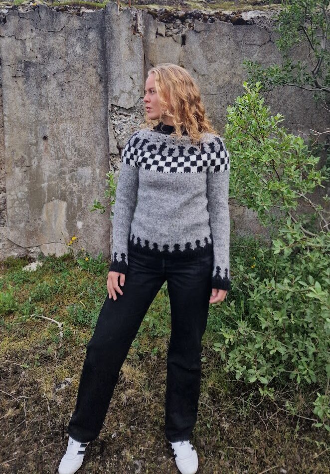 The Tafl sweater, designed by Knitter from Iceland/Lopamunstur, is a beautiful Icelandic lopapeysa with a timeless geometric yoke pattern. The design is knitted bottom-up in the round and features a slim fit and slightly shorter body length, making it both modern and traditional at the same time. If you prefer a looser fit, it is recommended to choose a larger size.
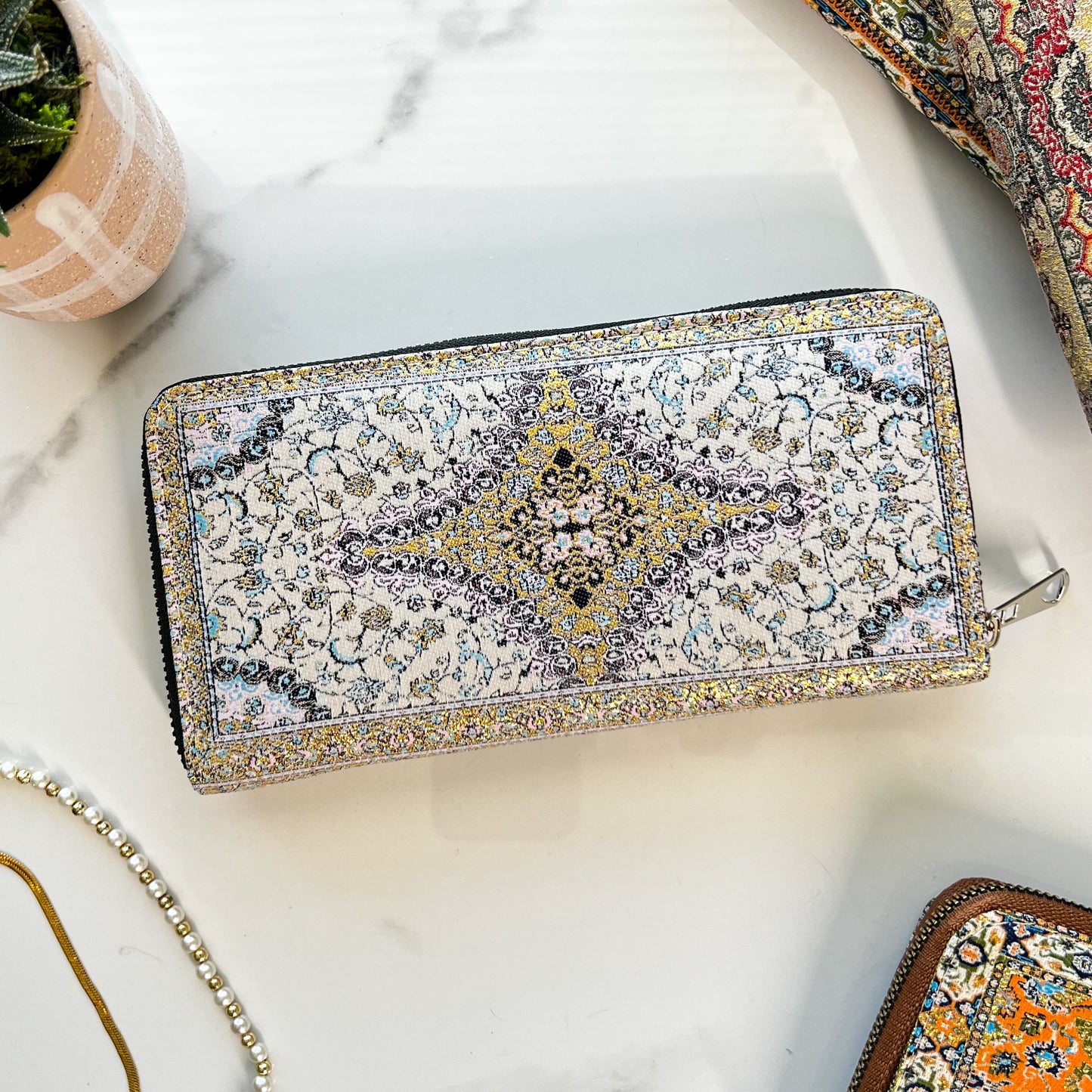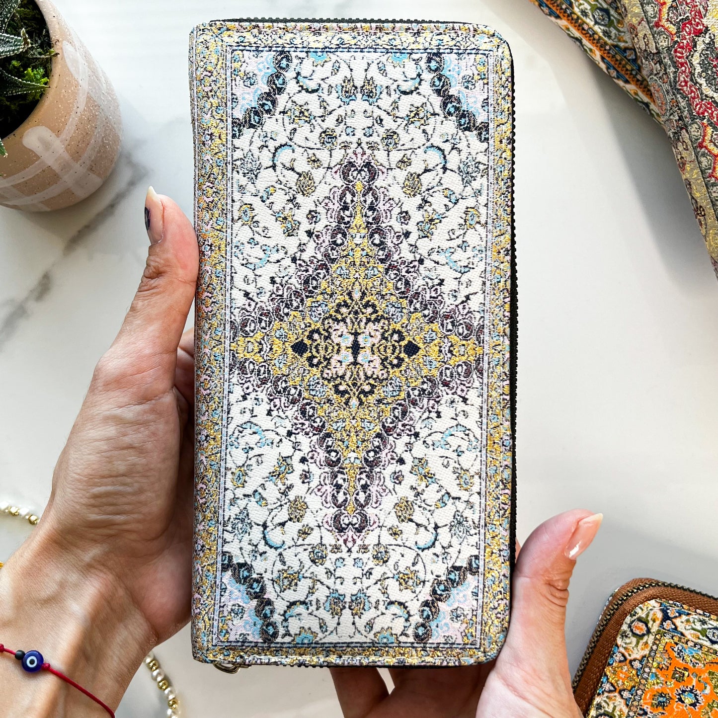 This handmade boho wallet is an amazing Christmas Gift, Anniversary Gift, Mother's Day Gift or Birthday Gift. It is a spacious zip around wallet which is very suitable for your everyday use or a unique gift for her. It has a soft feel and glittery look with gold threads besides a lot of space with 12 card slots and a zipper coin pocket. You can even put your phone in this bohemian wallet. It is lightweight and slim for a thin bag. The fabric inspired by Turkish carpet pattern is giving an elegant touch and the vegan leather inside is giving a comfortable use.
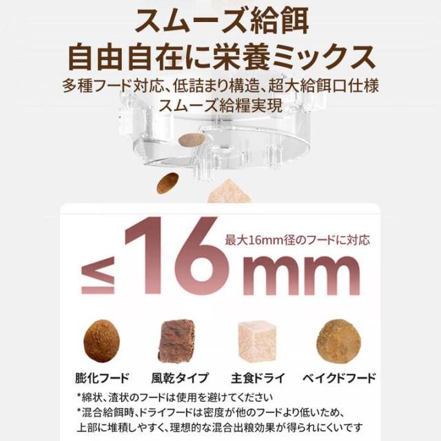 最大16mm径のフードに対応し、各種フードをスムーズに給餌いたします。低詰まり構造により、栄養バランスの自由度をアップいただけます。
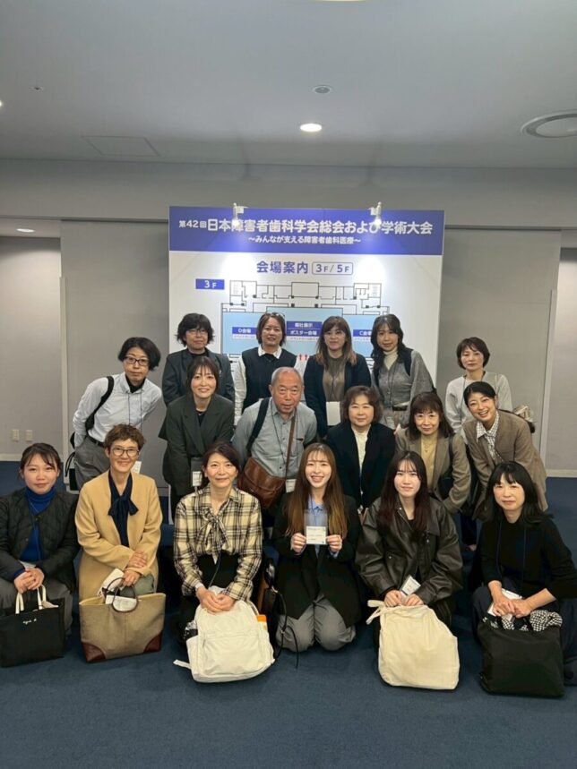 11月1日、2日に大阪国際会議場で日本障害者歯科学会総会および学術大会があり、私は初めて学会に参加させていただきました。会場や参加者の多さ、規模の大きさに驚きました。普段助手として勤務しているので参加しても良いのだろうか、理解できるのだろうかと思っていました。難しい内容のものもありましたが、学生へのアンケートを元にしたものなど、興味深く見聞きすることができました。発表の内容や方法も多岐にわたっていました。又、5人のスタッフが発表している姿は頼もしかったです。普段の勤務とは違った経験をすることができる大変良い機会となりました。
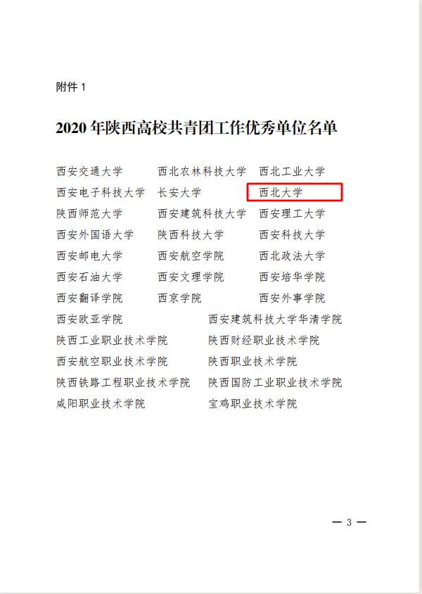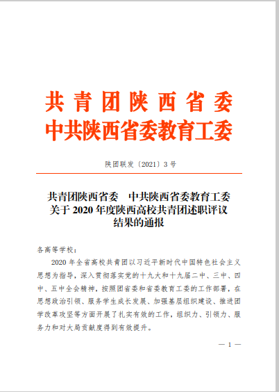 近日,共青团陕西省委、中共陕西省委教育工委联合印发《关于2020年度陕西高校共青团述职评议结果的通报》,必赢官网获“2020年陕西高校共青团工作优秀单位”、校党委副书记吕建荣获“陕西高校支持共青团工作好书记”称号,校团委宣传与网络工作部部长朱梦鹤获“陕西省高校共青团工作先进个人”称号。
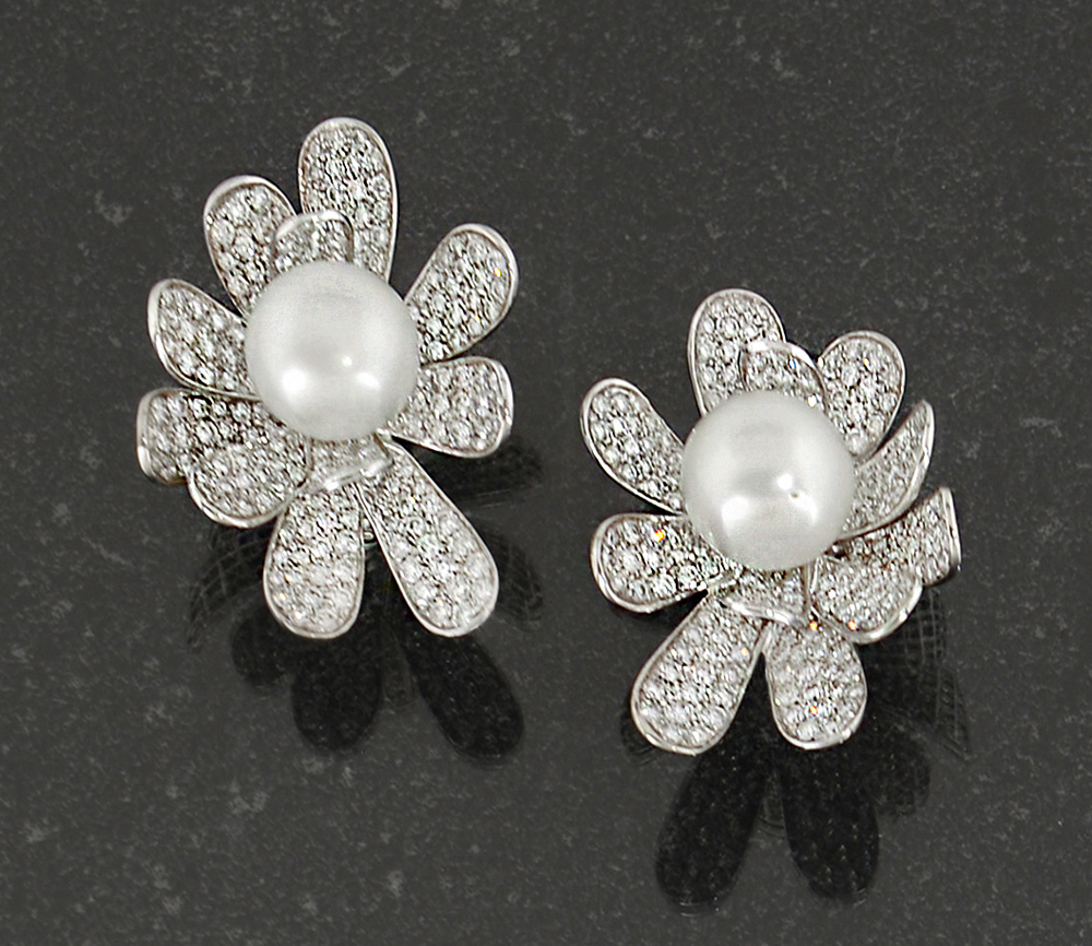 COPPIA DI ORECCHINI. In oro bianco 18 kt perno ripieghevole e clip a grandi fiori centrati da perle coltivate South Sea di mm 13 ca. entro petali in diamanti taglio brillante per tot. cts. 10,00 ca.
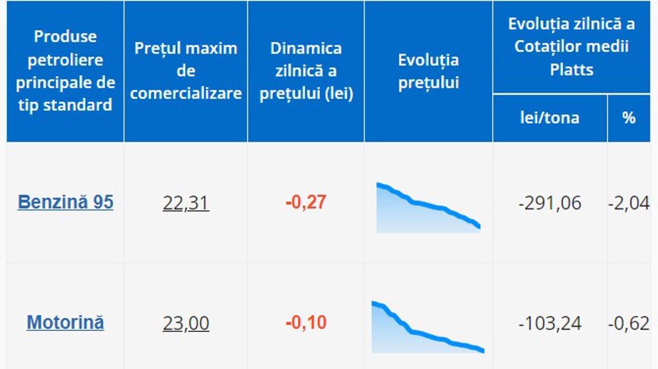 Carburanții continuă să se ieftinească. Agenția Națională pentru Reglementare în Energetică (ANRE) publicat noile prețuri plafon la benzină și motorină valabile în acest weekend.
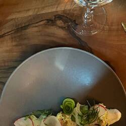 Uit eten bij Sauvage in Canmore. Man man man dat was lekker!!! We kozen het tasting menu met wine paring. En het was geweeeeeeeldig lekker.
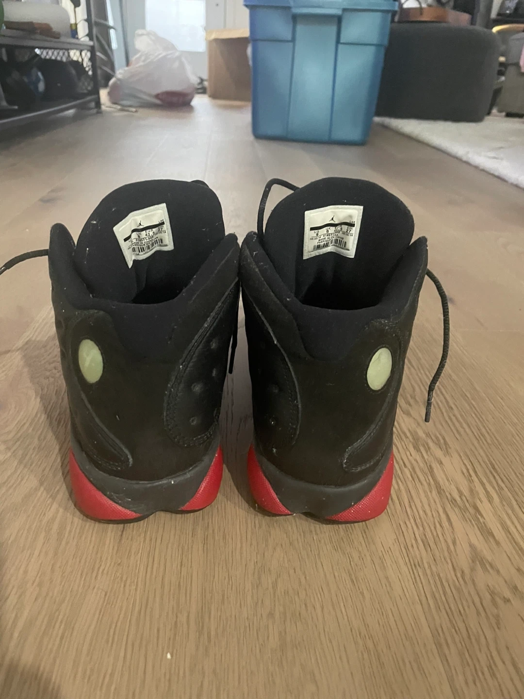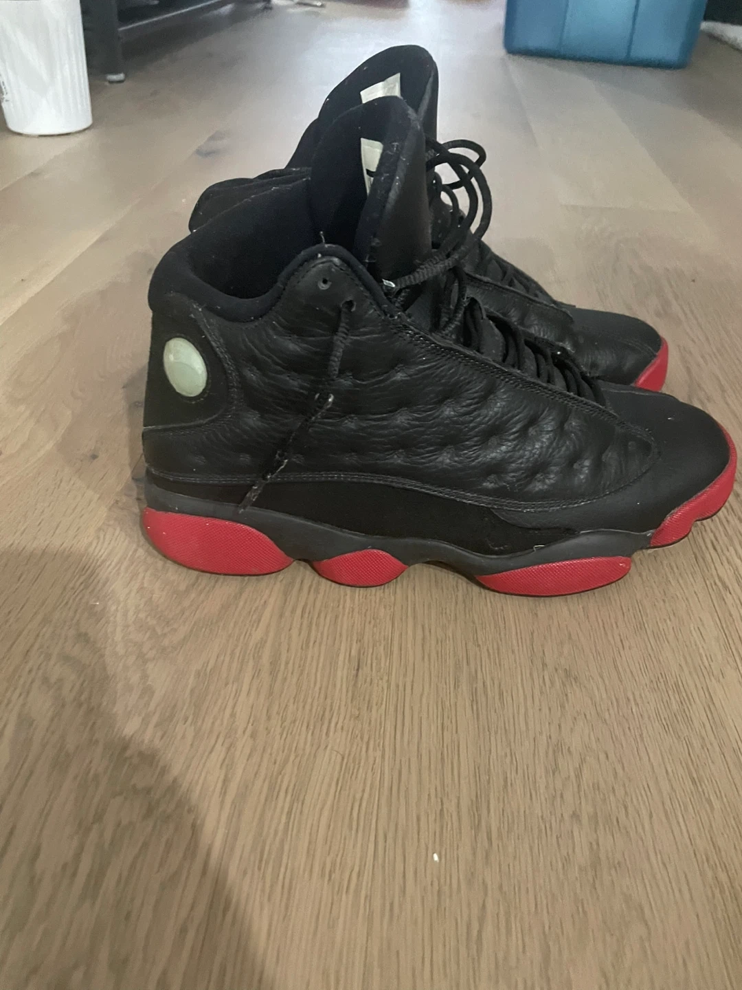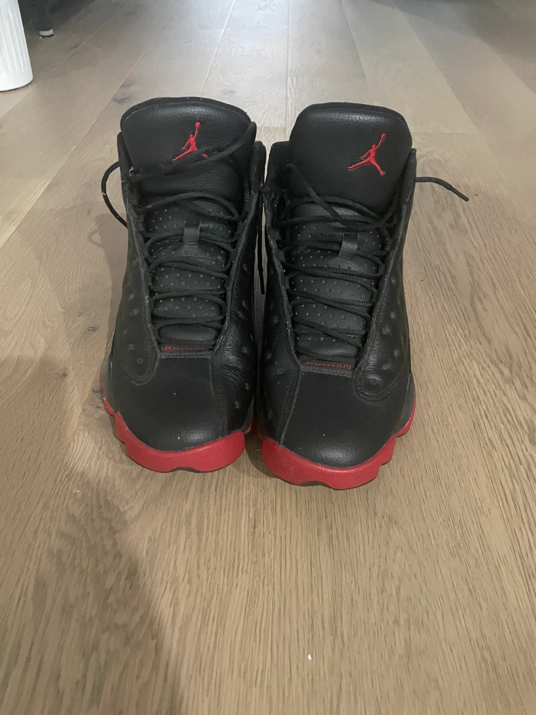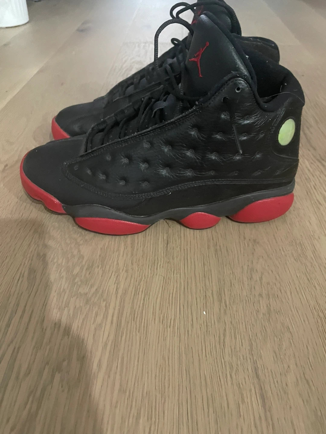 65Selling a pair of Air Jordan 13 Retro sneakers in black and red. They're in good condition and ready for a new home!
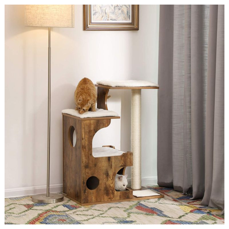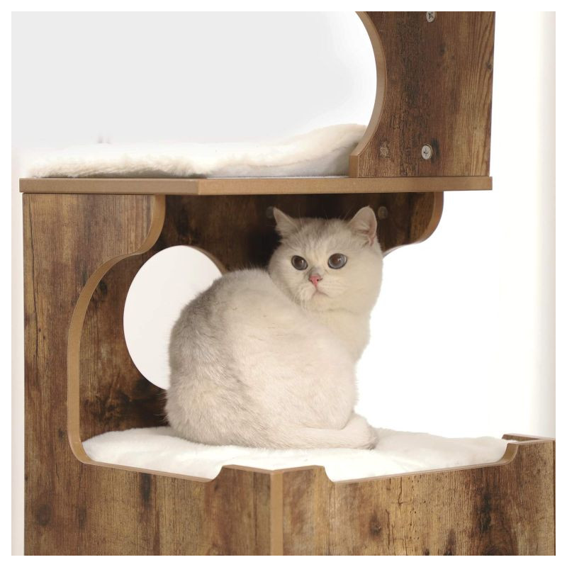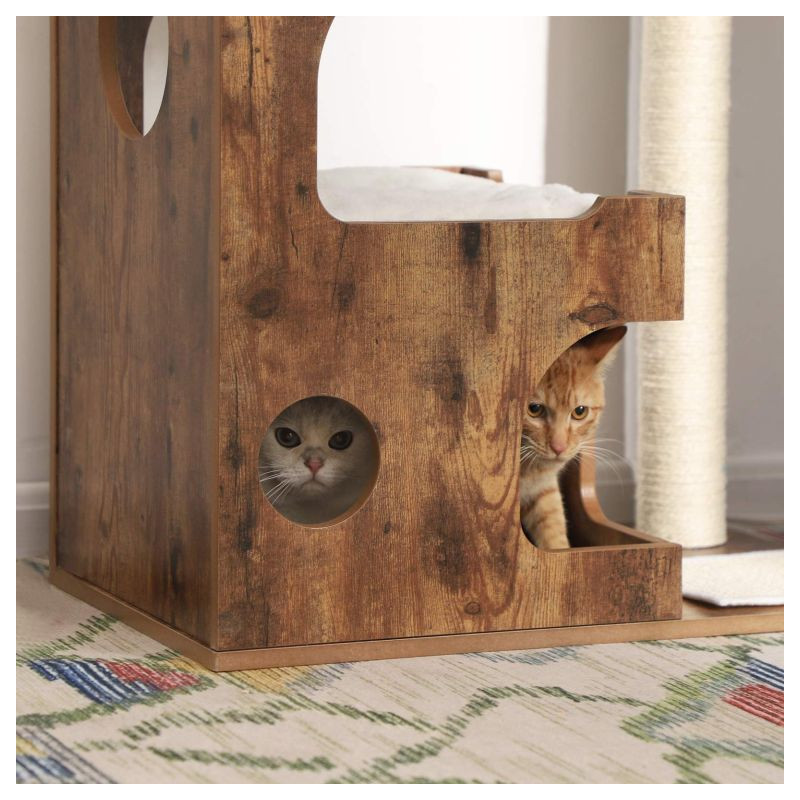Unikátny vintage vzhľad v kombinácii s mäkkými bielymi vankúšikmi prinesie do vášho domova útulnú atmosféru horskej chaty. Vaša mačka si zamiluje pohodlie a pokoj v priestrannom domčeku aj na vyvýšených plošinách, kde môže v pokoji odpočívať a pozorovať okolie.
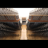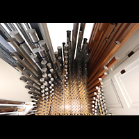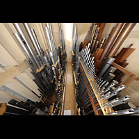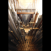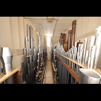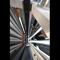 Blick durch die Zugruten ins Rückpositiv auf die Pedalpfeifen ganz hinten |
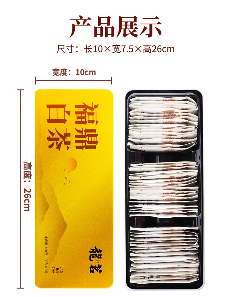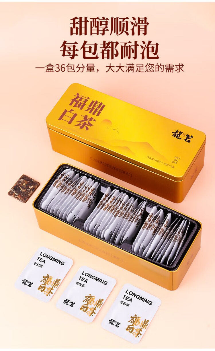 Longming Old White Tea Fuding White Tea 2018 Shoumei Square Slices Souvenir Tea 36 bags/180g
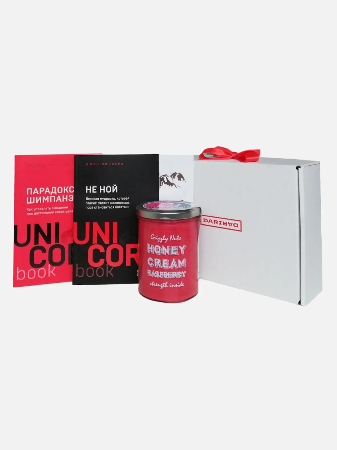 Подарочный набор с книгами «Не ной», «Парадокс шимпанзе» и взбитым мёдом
* * * * * * *
What to produce:
When the line containing "11月1日、2日に大阪国際会" has been located, retype it and each line after it through the end of the records, excluding the pictures and adding nothing else.

Written answer:
 11月1日、2日に大阪国際会議場で日本障害者歯科学会総会および学術大会があり、私は初めて学会に参加させていただきました。会場や参加者の多さ、規模の大きさに驚きました。普段助手として勤務しているので参加しても良いのだろうか、理解できるのだろうかと思っていました。難しい内容のものもありましたが、学生へのアンケートを元にしたものなど、興味深く見聞きすることができました。発表の内容や方法も多岐にわたっていました。又、5人のスタッフが発表している姿は頼もしかったです。普段の勤務とは違った経験をすることができる大変良い機会となりました。
 近日,共青团陕西省委、中共陕西省委教育工委联合印发《关于2020年度陕西高校共青团述职评议结果的通报》,必赢官网获“2020年陕西高校共青团工作优秀单位”、校党委副书记吕建荣获“陕西高校支持共青团工作好书记”称号,校团委宣传与网络工作部部长朱梦鹤获“陕西省高校共青团工作先进个人”称号。
 COPPIA DI ORECCHINI. In oro bianco 18 kt perno ripieghevole e clip a grandi fiori centrati da perle coltivate South Sea di mm 13 ca. entro petali in diamanti taglio brillante per tot. cts. 10,00 ca.
 Carburanții continuă să se ieftinească. Agenția Națională pentru Reglementare în Energetică (ANRE) publicat noile prețuri plafon la benzină și motorină valabile în acest weekend.
 Uit eten bij Sauvage in Canmore. Man man man dat was lekker!!! We kozen het tasting menu met wine paring. En het was geweeeeeeeldig lekker.
 65Selling a pair of Air Jordan 13 Retro sneakers in black and red. They're in good condition and ready for a new home!
Unikátny vintage vzhľad v kombinácii s mäkkými bielymi vankúšikmi prinesie do vášho domova útulnú atmosféru horskej chaty. Vaša mačka si zamiluje pohodlie a pokoj v priestrannom domčeku aj na vyvýšených plošinách, kde môže v pokoji odpočívať a pozorovať okolie.
 Blick durch die Zugruten ins Rückpositiv auf die Pedalpfeifen ganz hinten |
 Longming Old White Tea Fuding White Tea 2018 Shoumei Square Slices Souvenir Tea 36 bags/180g
 Подарочный набор с книгами «Не ной», «Парадокс шимпанзе» и взбитым мёдом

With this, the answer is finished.